BufferLayer setPerFrameData

文件:/frameworks/native/services/surfaceflinger/BufferLayer.cpp

void BufferLayer::setPerFrameData(const sp<const DisplayDevice>& displayDevice) {

    const Transform& tr = displayDevice->getTransform();
    const auto& viewport = displayDevice->getViewport();
    Region visible = tr.transform(visibleRegion.intersect(viewport));
    auto hwcId = displayDevice->getHwcDisplayId();
    auto& hwcInfo = getBE().mHwcLayers[hwcId];
    auto& hwcLayer = hwcInfo.layer;
    auto error = hwcLayer->setVisibleRegion(visible);
    ...
    error = hwcLayer->setSurfaceDamage(surfaceDamageRegion);
    ...
    // Sideband layers
...
    // Device or Cursor layers
    if (mPotentialCursor) {

        setCompositionType(hwcId, HWC2::Composition::Cursor);
    } else {

        setCompositionType(hwcId, HWC2::Composition::Device);
    }


    error = hwcLayer->setDataspace(mCurrentDataSpace);
   ...

    const HdrMetadata& metadata = mConsumer->getCurrentHdrMetadata();
    error = hwcLayer->setPerFrameMetadata(displayDevice->getSupportedPerFrameMetadata(), metadata);
    ...

    uint32_t hwcSlot = 0;
    sp<GraphicBuffer> hwcBuffer;
    hwcInfo.bufferCache.getHwcBuffer(getBE().compositionInfo.mBufferSlot,
                                     getBE().compositionInfo.mBuffer, &hwcSlot, &hwcBuffer);

    auto acquireFence = mConsumer->getCurrentFence();
    error = hwcLayer->setBuffer(hwcSlot, hwcBuffer, acquireFence);
    ...
}

这个方法做了HWC渲染最重要的准备。

  • 1.调用hwcLayer的setSurfaceDamage,记录OpenGL es绘制时候需要更新的已经变动的渲染区域
  • 2.根据创建Surface时候传进来的flag进行设置接下来渲染类型进而确定使用什么进行渲染。
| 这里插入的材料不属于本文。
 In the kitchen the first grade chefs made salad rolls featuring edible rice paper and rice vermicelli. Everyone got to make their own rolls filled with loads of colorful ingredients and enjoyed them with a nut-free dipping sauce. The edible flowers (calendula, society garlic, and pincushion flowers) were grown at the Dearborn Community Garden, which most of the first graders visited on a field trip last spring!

一般正常创建,flag为0,mPotentialCursor为false,此时就被设置为Device,也就是借助HWC进行渲染。
  • 3.setDataspace 设置色彩空间。
  • 4.通过latchBuffer步骤,把当前的需要渲染的Buffer保存在getBE().compositionInfo中取出,设置到hwcInfo的缓存中,并且设置给hwcBuffer。最后把这个GraphicBuffer和Fence保存到hwcLayer中。

hwcLayer setBuffer

Error HWC2On1Adapter::Layer::setBuffer(buffer_handle_t buffer,
        int32_t acquireFence) {
    ALOGV("Setting acquireFence to %d for layer %" PRIu64, acquireFence, mId);
    mBuffer.setBuffer(buffer);
    mBuffer.setFence(acquireFence);
    return Error::None;
}

mBuffer实际上就是FenceBuffer。里面保存了Fence和Buffer。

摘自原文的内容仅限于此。